California’s COVID-19 state of emergency will end on February 28, 2023, nearly three years after it began, officials in Governor Gavin Newsom’s office announced today.
The announcement came as new variants raise fears of another deadly winter spike across the country and test positivity rates stabilize in California after a nearly three-month decline. More than 95,000 Californians have died from COVID-19, according to state data.
The state of emergency has given Newsom sweeping, often controversial, powers to issue mask-wearing mandates and temporary stay-at-home orders in a bid to slow the spread of the virus. It also allowed the governor to secure billions of dollars in untendered emergency response contracts with testing facilities, personal protective equipment suppliers and temp agencies. Some of these contracts were with previously unproven providers who did not provide services.
Today, 27 provisions of the 74 decrees issued under the state of emergency remain in force, officials said. More than 500 provisions have already been finalized . The Newsom administration did not allow the press to name senior officials who attended an embargoed press conference on ending the state of emergency.
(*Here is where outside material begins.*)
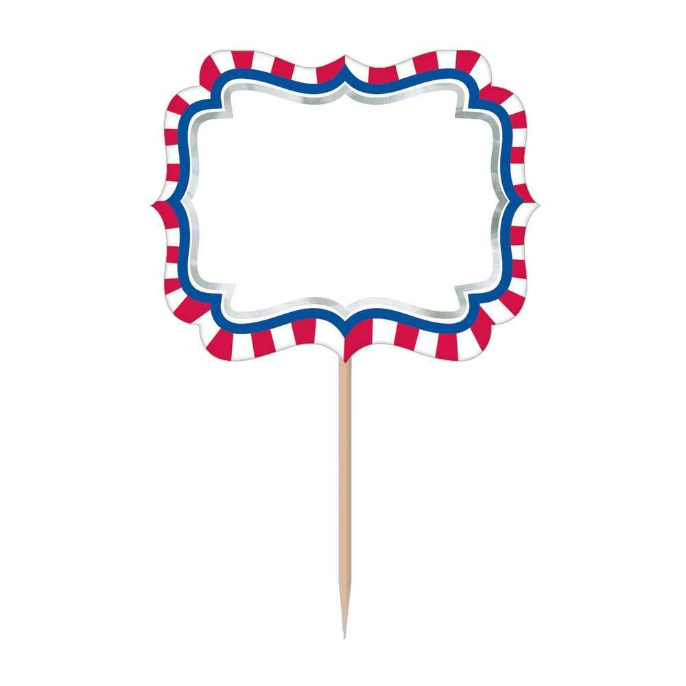 Add some flare to your next event with our Patriotic personalizable picks. These wooden toothpicks feature small white paper labels with a red, white, and blue striped border that can be personalized. These picks are perfect for labeling assorted sandwiches or any of your favorite treats.
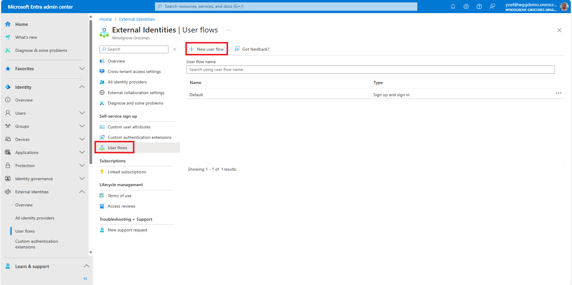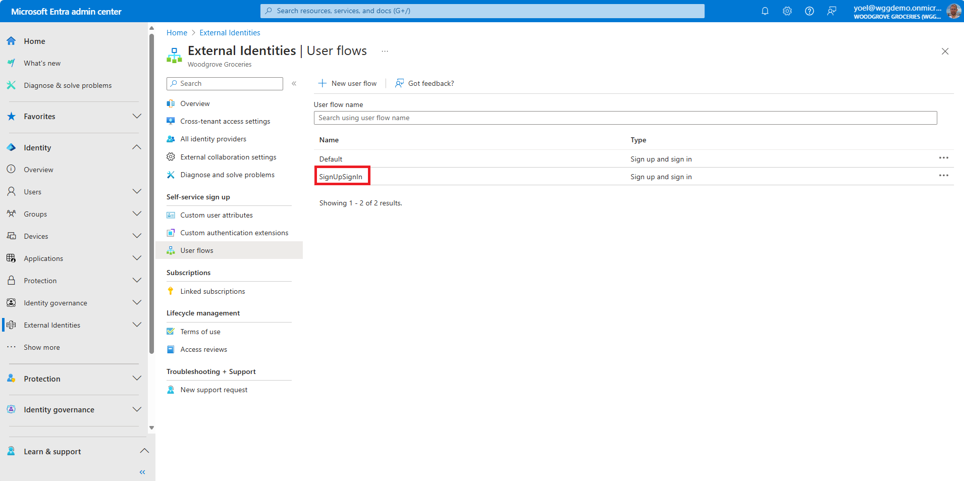 To create a sign-up and sign-in user flow, sign in to the Microsoft Entra admin center

“The state of emergency was an effective and necessary tool that we used to protect our state, and we wouldn’t have gotten to this point without it,” Newsom said in a statement. “With the operational readiness we have developed and the measures we will continue to employ in the future, California is ready to phase out this tool.”
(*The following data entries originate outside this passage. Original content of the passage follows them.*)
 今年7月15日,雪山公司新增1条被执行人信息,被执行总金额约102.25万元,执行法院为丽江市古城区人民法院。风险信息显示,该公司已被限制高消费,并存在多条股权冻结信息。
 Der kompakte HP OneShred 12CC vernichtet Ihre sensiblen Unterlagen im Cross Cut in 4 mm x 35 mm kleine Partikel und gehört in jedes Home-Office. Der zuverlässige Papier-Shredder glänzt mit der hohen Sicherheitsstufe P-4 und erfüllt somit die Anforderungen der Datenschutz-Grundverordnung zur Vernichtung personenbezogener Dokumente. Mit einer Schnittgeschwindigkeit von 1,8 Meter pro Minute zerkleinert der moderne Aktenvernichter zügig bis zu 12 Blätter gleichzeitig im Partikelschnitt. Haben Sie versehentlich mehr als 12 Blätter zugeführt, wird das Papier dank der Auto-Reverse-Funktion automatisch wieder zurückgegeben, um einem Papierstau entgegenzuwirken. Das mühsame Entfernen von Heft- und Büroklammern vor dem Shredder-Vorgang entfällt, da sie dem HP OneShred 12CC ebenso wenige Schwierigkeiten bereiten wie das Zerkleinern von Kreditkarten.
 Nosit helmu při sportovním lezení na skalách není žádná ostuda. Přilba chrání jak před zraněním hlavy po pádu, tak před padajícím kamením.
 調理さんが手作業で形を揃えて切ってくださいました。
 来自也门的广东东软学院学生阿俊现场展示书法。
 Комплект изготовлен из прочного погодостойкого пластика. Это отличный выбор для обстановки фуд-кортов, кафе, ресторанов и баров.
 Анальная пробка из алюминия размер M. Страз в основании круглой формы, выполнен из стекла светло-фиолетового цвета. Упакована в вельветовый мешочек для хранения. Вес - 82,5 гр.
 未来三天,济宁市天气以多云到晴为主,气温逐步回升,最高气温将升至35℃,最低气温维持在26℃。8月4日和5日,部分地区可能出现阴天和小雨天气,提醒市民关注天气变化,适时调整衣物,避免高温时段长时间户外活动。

The length of the state of emergency has been controversial among Republican leaders in the state who sought to overthrow the governor’s power during a Senate emergency session in March . The resolution to end the state of emergency was defeated 8-4 , with senators voting along party lines. At the time, representatives of frontline health workers, including the California Hospital Association, said the flexibilities allowed by the executive orders were key to expanding capacity. It allowed health officials to hire thousands of foreign workers who generally need a California license to practice, among other emergency measures.
“The state of emergency was an effective and necessary tool that we used to protect our state, and we wouldn’t have gotten to this point without it.” Gavin Newsom
In February, the administration unveiled the SMARTER plan, its $3.2 billion long-term strategy to fight COVID-19 . The strategy outlined preparedness measures such as stockpiling 75 million masks, increasing testing capacity to half a million tests per day, and investing in health workers and community health organizations. local.
The launch of the SMARTER plan was key to eliminating the need for emergency supplies, officials said.
“The administration has determined that reversing the remaining 27 provisions of the executive order will have largely minimal operational impact,” an unnamed official said.
The administration plans to seek permanent legislative changes to two temporary provisions authorized by the executive order: allowing nurses to order and administer antiviral treatments for COVID-19 such as PAXLOVID, and allowing lab assistants to process tests. COVID-19.